Mengangkat tema, “Birokrasi Rumit, Pelanggan Pusing, Perlukah Forum Pelanggan Lahir Bukan Dewas PDAM TB”, forum tersebut mempertemukan unsur Perumda Tirta Benteng (TB), pelanggan, aktivis, tokoh masyarakat, jurnalis serta sejumlah elemen terkait.
Turut hadir pihak Perumda Tirta Benteng, Yayan Riyanto selaku Humas Perumda Tirta Benteng dan Budi H Santoso dari Kepala Satuan Sekretariat (Kasat) Perumda Tirta Benteng.
Diskusi berlangsung terbuka. Sejumlah persoalan yang selama ini bersentuhan langsung dengan pelanggan dibahas, mulai dari fungsi Forum Pelanggan, posisi Dewan Pengawas, kebijakan tarif, tunggakan pembayaran hingga persoalan kebocoran jaringan dan komunikasi pelayanan.

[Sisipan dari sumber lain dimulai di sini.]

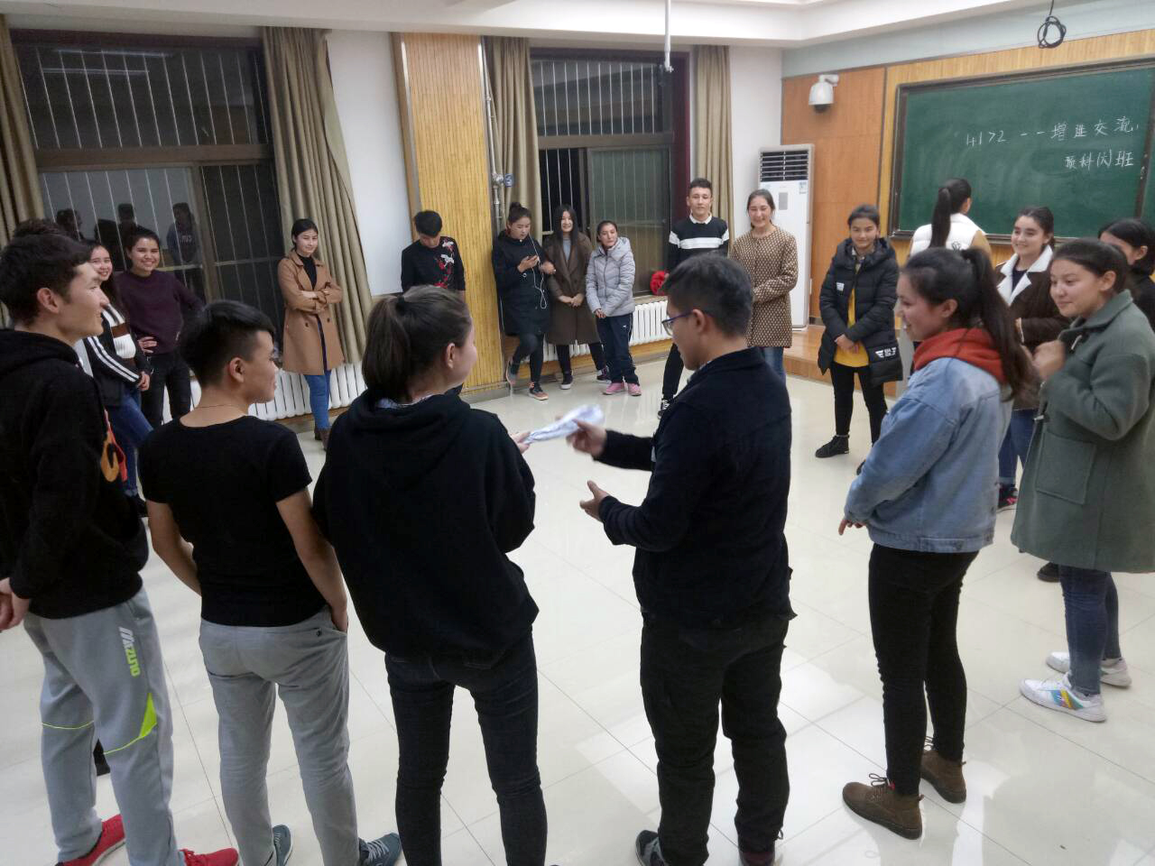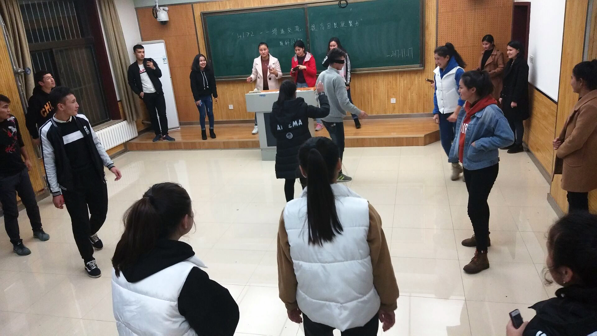 2017级两年制预科六班,在教学5楼5305教室开展了以“1+1>2—增进交流,提高班级凝聚力”为主题的团体心理辅导活动。活动由六班心理委员指导,各班委组织实施,全班同学共同参与。
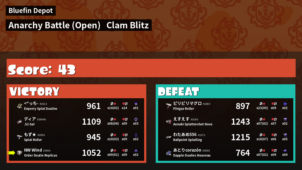 | Mode | Clam Blitz - Anarchy Battle (Open) | ||
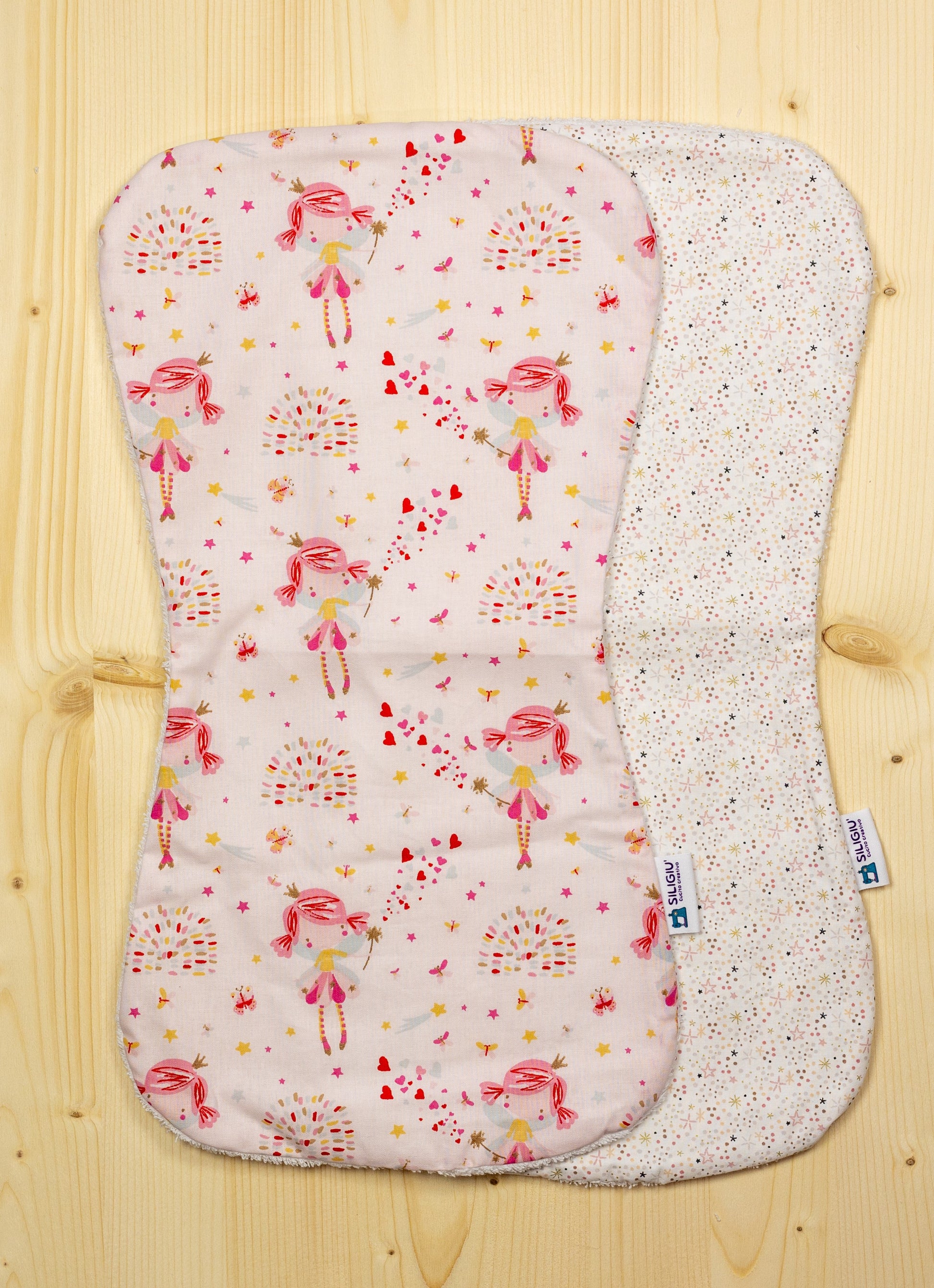 I panni per ruttino sono realizzati in doppio strato. Un lato cotone fantasia e l'altro spugna di bambù molto assorbente.

Dalam forum tersebut, Yayan menjelaskan bahwa keberadaan Forum Pelanggan pada dasarnya berkaitan dengan partisipasi dan pengaduan konsumen air sekaligus menjadi penghubung antara masyarakat dengan penyelenggara layanan.
Menurutnya, Forum Pelanggan bukan dibentuk untuk menggantikan kanal pelayanan maupun mekanisme pengaduan yang selama ini sudah dimiliki Perumda Tirta Benteng.
“Hubungan yang sudah baik dengan Perumda Tirta Benteng itu terus dijalankan saja. Forum itu hanya untuk melengkapi, manakala terjadi hambatan.” ujarnya

Pernyataan tersebut menjadi salah satu poin penting dalam diskusi. Sebab, di tengah berbagai keluhan pelanggan, keberadaan forum publik tentunya tidak cukup hanya menjadi ruang komunikasi.
Kendati demikian, Salah satu pelanggan H. Ubay Permana, mempertanyakan mekanisme penetapan tarif serta komposisi Dewan Pengawas Tirta Benteng.
Ia menyinggung ketentuan yang menurutnya mengatur adanya kesepakatan antara pelanggan dan Dewan Pengawas dalam proses penetapan tarif. Ubay juga mempertanyakan kondisi Dewan Pengawas yang disebut belum lengkap karena unsur masyarakat atau pelanggan belum terisi.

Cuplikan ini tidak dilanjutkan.